Q&A with Dr. Alicia Vinyard
Breast surgeon at the Georgia Cancer Center at Augusta University
Board-certified in general surgery
- Medical degree, Philadelphia College of Osteopathic Medicine – Georgia Campus, 2011
- Bachelor’s degree in pre-med, University of North Carolina – Chapel Hill, 2006
- Breast Surgical Oncology Fellowship, University of Miami Hospital/Jackson Memorial Hospital, 2016-2017
- General Surgery Residency at the Medical College of Georgia at Augusta University, 2011-2016
What made you want to return to Augusta University as a breast surgeon?
“Through working in academic medicine, I get to not only be a physician, but I also get to be a teacher. I learned during my residency that I really enjoy this aspect of my role, so I knew that I wanted to be in that environment once my training concluded. As a resident at MCG for 5 years, I developed a strong relationship with the faculty and staff, and they became a family to me. I wanted to continue that relationship as a faculty member.”
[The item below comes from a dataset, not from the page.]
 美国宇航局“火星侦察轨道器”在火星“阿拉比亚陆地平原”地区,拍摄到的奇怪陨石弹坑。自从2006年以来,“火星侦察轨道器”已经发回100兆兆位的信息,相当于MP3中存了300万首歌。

If you could tell a patient one thing, what would that be?
“I’m sorry you’re here, and overall, cancer just sucks. You don’t deserve to be here. We’re a team, and we’re going to get you through this. This cancer will eventually be a distant memory, and you’re going to live a full life. Trust your doctors, realize that your cancer is 100 percent different from the next person’s cancer, and don’t let things you read or see give you fear or anxiety that you’re not getting proper treatment. I’ve been through this—exactly where you are—and I’m here today as your surgeon and as a survivor.”
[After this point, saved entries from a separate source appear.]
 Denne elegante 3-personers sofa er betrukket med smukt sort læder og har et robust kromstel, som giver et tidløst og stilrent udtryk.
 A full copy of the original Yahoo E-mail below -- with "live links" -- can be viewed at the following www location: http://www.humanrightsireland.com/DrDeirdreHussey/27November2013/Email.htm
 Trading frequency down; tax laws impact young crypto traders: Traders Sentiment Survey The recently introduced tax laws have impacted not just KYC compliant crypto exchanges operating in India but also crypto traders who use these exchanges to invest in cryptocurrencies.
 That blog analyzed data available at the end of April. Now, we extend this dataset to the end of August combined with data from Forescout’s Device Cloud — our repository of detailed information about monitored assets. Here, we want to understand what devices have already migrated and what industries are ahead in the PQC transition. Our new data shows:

What’s your favorite part of your job?
“Hands down, it’s telling people they’re cancer-free. Regardless of the treatment they have, whether it’s chemo or radiation—once I do my job, the cancer is removed, and the patient is cancer-free. I enjoy telling them first.”
What’s your plan for your patients and their families?
“In addition to conducting research and clinical trials, I look forward to continuing to use my personal experience to connect with patients. I plan to apply the advanced surgical techniques I learned in Miami here in Augusta and participate in community outreach projects that allow me to tap into rural markets.”